Interact with PyTorch Objects

This notebook illustrates a few ways in which you can work with PyTorch and ApertureDB.

Prerequisites:

Access to an ApertureDB instance.
aperturedb-python installed. (note that pytorch gets pulled in as dependency of aperturedb)
COCO dataset files downloaded. We will use the validation set in the following cells.

Install ApertureDB SDK and download COCO dataset

%pip install aperturedb[complete]

!mkdir coco
!cd coco && wget http://images.cocodataset.org/zips/val2017.zip && unzip val2017.zip && wget http://images.cocodataset.org/annotations/annotations_trainval2017.zip && unzip annotations_trainval2017.zip

# Define some common variables such has ApertureDB host, port, user, password
import dbinfo

Steps

Load PyTorch dataset into ApertureDB

This step uses a PyTorch CocoDetection dataset, and ingests it into ApertureDB. To handle the semantics for ApertureDB, a class CocoDataPyTorch is implemented. It uses aperturedb.PytorchData as a base class, and implements a method generate_query which translates the data as it is represented in CocoDetection (a PyTorch dataset object) into the corresponding queries for ApertureDB.
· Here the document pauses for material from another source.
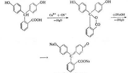 реакція - основана на окиснені фенолфталіна до фенолфталеїна при взаємодії з ціанідною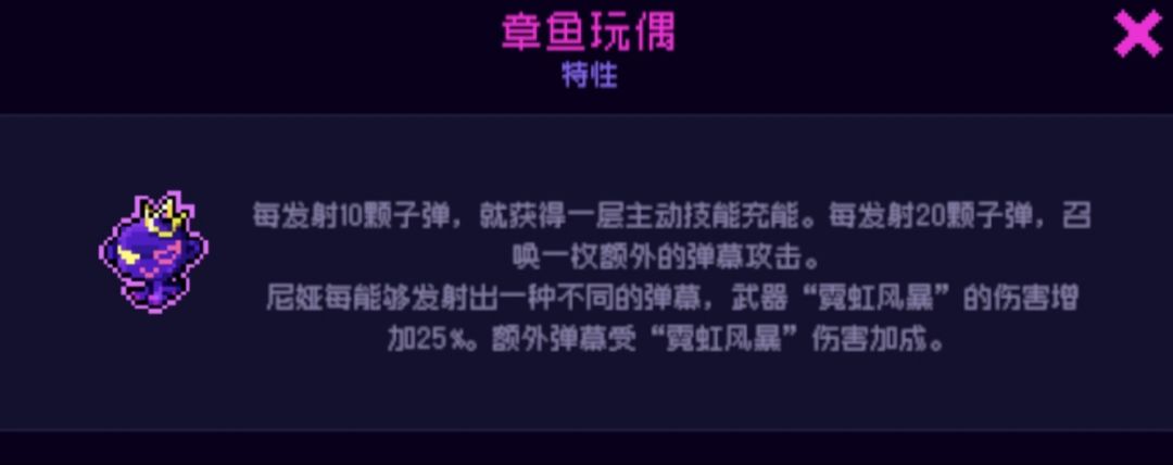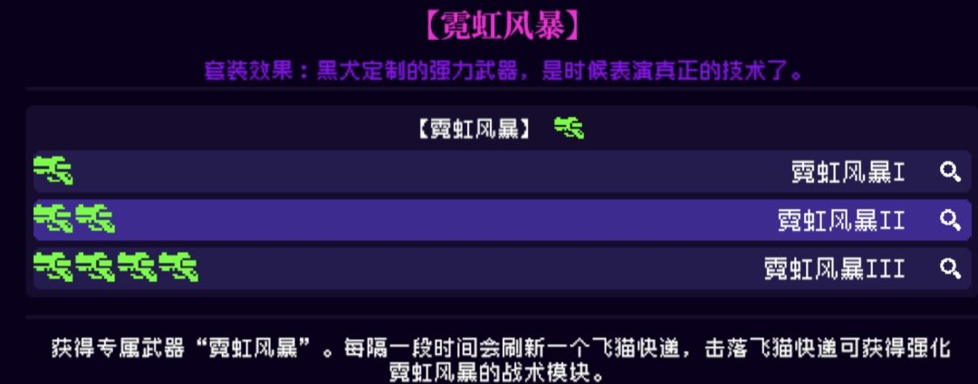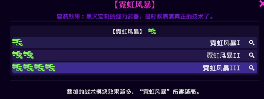 霓虹风暴为普通的弹幕武器(吃到的武器伤害加成会减半),主要是为了给套装效果铺路而设计↓

from aperturedb.ParallelLoader import ParallelLoader
from CocoDataPyTorch import CocoDataPyTorch


loader = ParallelLoader(dbinfo.create_connector())

coco_detection = CocoDataPyTorch("coco_validation_with_annotations")

# Lets use 100 images from CocoDataPyTorch object which have annotations for the purpose of the demo
# Ingesting all of them might be time consuming
images = []
for t in coco_detection:
        X, y = t
        if len(y) > 0:
            images.append(t)
            if len(images) == 100:
                break

loader.ingest(images, stats=True)

loading annotations into memory...
Done (t=0.26s)
creating index...
index created!
 Progress: 100.00% - ETA(s): 0.00
 ============ ApertureDB Loader Stats ============
Total time (s): 0.285294771194458
Total queries executed: 100
Avg Query time (s): 0.05476363658905029
Query time std: 0.02537986835791064
Avg Query Throughput (q/s)): 73.04116835805202
Overall insertion throughput (element/s): 350.51466096390396
Total inserted elements: 100
=================================================

Note that we ingested first 100 images which were annotated.

Inspect a sample of the data that has been ingested into ApertureDB

from aperturedb import Images
import pandas as pd

images = Images.Images(dbinfo.create_connector())
constraints = Images.Constraints()
constraints.equal("dataset_name", "coco_validation_with_annotations")

images.search(limit=5, constraints=constraints)

images.display(show_bboxes=True)

pd.json_normalize(images.get_properties(images.get_props_names()).values())

	area	bbox	category_id	dataset_name	id	image_id	keypoints	num_keypoints	segmentation
0	2913.11040	412.8 157.61 53.05 138.01	1	coco_validation_with_annotations	230831	139	427 170 1 429 169 2 0 0 0 434 168 2 0 0 0 441 ...	15	[428.19, 219.47, 430.94, 209.57, 430.39, 210.1...
1	27789.11055	280.79 44.73 218.7 346.68	1	coco_validation_with_annotations	442619	785	367 81 2 374 73 2 360 75 2 386 78 2 356 81 2 3...	17	[353.37, 67.65, 358.15, 52.37, 362.92, 47.59, ...
2	25759.04240	145.26 100.67 291.95 457.35	1	coco_validation_with_annotations	559508	872	367 138 2 0 0 0 360 134 2 0 0 0 338 144 2 0 0 ...	12	[310.65, 112.18, 339.42, 100.67, 362.43, 106.4...
3	10451.76710	277.31 189.99 140.09 208.22	1	coco_validation_with_annotations	439117	885	374 216 2 379 214 2 370 212 2 0 0 0 359 208 2 ...	16	[282.11, 262.92, 297.46, 229.33, 312.81, 215.9...
4	2343.98800	214.61 154.48 66.51 129.11	1	coco_validation_with_annotations	256326	1353	260 185 2 0 0 0 255 181 2 0 0 0 237 184 2 253 ...	9	[225.37, 176, 224.88, 192.63, 214.61, 211.7, 2...

png

Use data from ApertureDB in a PyTorch DataLoader

The list of elements/elements that can be queried from ApertureDB can be used as a dataset, which in turn can be used by the PyTorch data loader. The following example uses a subset of data for the same purpose.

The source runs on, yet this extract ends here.